Accompany curates unique, handmade and artisanal goods from around the globe. Every brand sold by Accompany uses fair trade practices and has a philanthropic practices woven into the brand. You can find out more about the origin of each product on its product page.
A sustainable fashion pioneer, People Tree has been partnering with Fair Trade producers, garment workers, artisans and farmers in the developing world to produce ethical and eco-friendly fashion collections for over 25 years. You can find out more about who made your jewelry on each product page.
Nisolo jewelry is ethically made by independent artisans in Kenya, where everyone earns fair wages, healthcare, and a healthy working environment. They also partner with Ecosphere+ to offset carbon emissions and protect forests in the Amazon.
Kaight is a Brooklyn-based curated boutique specializing in sustainable and ethical fashion. All items have the one or more of the following criteria: locally produced, zero or low waste, made from organic or reclaimed materials, or fair trade. Kaight celebrates the slow fashion movement and aims to help consumers cultivate a more thoughtful wardrobe.
Akamae connects creatives and refugee artisans.
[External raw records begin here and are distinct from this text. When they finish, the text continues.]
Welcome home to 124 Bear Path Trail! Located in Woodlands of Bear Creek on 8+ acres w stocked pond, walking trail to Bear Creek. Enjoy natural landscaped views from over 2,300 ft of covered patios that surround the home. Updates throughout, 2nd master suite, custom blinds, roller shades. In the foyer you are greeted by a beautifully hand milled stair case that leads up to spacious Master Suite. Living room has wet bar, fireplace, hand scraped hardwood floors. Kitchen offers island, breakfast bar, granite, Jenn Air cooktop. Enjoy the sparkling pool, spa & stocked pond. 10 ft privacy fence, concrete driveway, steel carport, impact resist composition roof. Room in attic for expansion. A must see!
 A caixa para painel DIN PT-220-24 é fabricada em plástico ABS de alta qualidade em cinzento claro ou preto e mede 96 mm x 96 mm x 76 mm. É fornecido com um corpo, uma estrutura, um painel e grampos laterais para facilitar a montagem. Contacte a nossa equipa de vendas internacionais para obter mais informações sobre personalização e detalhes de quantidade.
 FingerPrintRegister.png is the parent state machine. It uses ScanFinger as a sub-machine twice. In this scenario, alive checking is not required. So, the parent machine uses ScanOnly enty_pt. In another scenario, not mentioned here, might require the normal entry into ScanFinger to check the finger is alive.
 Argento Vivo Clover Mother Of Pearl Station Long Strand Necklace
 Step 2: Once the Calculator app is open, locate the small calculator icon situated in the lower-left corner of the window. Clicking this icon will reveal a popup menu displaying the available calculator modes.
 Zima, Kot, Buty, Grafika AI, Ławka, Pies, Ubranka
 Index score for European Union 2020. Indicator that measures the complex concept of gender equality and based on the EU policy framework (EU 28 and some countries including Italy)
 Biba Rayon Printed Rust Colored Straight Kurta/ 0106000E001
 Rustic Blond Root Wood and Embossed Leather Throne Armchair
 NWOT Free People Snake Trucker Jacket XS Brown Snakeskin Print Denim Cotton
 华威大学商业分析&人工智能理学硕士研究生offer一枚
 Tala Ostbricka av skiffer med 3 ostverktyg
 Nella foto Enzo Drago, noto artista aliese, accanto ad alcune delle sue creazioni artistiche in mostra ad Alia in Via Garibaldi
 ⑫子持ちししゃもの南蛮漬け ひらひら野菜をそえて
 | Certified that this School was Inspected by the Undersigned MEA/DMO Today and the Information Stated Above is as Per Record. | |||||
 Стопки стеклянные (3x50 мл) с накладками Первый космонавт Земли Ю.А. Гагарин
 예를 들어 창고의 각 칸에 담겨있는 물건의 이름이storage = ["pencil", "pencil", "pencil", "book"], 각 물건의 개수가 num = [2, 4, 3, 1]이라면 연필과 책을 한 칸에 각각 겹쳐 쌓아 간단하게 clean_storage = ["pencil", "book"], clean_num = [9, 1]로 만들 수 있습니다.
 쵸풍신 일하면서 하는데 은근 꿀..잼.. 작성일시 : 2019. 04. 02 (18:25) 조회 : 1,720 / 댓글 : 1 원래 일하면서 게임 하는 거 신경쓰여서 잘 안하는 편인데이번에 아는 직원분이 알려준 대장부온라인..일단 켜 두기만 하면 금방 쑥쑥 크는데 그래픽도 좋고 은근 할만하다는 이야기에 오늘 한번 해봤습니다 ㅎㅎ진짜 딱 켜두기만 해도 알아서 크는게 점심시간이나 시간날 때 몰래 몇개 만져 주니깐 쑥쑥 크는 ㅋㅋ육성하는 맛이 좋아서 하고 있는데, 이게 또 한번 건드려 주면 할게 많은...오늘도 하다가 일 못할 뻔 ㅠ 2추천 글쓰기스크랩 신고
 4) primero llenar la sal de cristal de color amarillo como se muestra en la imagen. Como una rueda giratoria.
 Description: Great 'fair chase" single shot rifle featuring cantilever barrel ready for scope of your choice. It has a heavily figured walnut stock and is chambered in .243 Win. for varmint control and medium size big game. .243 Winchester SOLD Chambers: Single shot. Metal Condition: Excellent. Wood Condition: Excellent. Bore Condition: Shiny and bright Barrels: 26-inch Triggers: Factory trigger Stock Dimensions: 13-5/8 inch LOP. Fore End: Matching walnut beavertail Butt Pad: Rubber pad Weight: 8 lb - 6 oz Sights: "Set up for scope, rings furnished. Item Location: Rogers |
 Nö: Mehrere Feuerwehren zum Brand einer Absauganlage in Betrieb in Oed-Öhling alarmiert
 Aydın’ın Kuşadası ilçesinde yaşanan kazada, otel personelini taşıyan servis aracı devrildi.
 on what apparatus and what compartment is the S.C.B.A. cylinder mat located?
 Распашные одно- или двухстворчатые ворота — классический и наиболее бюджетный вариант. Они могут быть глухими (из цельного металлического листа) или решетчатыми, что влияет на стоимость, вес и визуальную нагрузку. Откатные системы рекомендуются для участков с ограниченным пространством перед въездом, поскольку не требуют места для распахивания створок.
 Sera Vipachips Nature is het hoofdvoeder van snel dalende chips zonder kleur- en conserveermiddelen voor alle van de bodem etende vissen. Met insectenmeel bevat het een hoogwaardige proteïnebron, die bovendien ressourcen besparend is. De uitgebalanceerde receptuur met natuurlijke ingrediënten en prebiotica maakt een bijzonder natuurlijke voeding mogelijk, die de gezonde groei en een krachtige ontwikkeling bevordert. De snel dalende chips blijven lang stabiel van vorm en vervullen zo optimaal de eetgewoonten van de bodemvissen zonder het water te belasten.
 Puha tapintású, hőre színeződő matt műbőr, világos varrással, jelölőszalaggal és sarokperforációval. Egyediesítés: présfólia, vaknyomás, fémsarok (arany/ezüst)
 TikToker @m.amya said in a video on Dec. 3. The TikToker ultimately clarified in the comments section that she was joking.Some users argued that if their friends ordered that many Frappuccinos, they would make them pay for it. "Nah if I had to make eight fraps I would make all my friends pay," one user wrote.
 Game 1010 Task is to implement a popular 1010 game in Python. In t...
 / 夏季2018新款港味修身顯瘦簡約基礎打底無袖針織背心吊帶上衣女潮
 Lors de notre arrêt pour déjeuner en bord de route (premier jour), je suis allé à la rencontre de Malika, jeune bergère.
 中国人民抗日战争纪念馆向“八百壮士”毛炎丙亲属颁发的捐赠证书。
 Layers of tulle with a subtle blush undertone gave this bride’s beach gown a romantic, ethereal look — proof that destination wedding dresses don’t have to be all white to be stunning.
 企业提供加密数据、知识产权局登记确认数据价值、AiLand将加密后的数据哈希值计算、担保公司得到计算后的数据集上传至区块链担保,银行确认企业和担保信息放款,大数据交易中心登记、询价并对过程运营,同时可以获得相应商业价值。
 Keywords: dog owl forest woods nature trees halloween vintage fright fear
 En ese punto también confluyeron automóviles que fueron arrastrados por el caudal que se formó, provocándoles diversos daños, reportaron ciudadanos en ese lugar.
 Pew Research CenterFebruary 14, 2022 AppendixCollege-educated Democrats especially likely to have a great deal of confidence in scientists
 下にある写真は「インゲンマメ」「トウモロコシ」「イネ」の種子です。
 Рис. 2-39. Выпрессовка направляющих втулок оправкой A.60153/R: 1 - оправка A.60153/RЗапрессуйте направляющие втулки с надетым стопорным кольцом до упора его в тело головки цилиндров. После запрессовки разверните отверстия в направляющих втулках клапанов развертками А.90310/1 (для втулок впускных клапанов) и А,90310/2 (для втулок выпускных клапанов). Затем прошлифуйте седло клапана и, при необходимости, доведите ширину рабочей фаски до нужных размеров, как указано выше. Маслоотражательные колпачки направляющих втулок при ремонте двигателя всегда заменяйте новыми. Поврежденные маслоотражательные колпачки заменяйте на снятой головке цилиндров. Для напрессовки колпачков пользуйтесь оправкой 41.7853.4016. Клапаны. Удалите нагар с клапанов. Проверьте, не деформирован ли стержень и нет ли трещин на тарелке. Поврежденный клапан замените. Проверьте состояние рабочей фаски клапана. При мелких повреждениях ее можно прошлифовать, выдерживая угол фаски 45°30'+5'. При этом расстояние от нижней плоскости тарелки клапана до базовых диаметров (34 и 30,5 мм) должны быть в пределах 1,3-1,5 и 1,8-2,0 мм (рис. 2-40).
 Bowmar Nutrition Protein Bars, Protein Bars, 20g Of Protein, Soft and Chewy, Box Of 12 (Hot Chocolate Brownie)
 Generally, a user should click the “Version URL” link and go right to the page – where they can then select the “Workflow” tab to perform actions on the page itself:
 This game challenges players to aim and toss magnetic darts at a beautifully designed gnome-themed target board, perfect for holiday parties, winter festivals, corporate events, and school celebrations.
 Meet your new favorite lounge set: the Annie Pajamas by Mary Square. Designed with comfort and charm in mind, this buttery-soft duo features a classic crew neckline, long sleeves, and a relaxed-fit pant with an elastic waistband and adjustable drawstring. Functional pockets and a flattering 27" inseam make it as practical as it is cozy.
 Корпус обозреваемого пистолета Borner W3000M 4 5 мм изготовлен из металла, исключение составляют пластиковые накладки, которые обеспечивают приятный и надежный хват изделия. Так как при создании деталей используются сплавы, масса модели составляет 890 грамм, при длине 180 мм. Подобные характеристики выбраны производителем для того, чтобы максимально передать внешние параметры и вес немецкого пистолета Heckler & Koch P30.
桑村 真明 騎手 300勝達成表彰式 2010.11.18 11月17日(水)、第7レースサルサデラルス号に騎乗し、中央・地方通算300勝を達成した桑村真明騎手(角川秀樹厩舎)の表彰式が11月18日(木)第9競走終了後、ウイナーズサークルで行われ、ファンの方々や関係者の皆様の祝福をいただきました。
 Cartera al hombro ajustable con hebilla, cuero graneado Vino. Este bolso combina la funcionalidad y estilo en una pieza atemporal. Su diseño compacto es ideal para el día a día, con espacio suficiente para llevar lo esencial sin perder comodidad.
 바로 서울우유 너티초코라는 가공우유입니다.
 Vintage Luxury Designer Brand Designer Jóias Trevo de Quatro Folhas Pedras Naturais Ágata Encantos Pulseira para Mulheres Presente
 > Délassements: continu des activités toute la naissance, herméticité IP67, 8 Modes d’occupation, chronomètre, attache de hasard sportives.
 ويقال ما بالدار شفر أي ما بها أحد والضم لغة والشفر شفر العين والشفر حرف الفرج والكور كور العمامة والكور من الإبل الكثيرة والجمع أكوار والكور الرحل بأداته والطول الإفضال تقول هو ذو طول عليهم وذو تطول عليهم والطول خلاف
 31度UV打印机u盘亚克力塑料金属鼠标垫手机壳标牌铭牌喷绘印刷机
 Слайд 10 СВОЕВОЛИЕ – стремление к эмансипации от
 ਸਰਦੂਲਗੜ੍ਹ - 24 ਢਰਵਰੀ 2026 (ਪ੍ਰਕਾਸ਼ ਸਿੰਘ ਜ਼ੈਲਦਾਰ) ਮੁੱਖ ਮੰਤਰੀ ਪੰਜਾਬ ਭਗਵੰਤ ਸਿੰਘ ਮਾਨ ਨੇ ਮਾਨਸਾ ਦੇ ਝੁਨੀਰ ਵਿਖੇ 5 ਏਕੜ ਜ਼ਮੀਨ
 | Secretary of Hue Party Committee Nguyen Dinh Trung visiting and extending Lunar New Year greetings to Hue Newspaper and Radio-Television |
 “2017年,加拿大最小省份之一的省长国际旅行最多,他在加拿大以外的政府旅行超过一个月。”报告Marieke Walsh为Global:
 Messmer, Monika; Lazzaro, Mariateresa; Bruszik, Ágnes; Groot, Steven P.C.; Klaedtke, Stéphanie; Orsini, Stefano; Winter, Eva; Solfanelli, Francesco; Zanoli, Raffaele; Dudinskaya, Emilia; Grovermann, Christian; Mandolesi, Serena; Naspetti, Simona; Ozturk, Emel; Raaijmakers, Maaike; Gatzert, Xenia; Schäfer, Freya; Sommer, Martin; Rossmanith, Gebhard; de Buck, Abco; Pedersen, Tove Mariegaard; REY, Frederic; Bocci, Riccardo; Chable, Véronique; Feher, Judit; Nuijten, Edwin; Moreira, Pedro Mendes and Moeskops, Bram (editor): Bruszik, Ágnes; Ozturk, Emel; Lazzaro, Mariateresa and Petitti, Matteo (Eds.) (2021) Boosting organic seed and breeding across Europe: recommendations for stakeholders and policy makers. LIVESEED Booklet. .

Together, designers and artisans work to co-create exclusive capsule collections. Their base is in the jungle of northern Thailand where they live and work with refugee artisans displaced from ongoing conflict in Burma.
Made Trade is a curated online shop with a wide selection of products that are eco-conscious, fair trade, vegan, and/or made in the USA. On each product page, you can find out a lot about the brand’s values and ethical practices, materials used, etc., so you can be an informed consumer (without spending a bunch of time researching).
Inspired by Liberian culture, Delaware-based Gwanyan Barker founded Kpelle as a way to celebrate her African lineage and culture by designing handmade gold, brass, and silver jewelry. The designer locally sources her supplies to create her handmade designs.
Aziza is a made-to-order jewelry brand designed by founder and artist Aziza Nicole out of her studio. It draws inspiration from Aziza’s multi-layered cultural heritage creating everything from cuffs to cuticle rings. The designer has been making one-of-a-kind creations since childhood, thanks to her mother encouraging her to explore her talents.
Inspired by African culture, indigenous designs, and cosmic geometry, Candice Cox established her Oakland-based artisanal jewelry and home decor line in 2011. Each piece is handcrafted utilizing various chains, an assortment of metals, semi-precious stones, and recycled materials.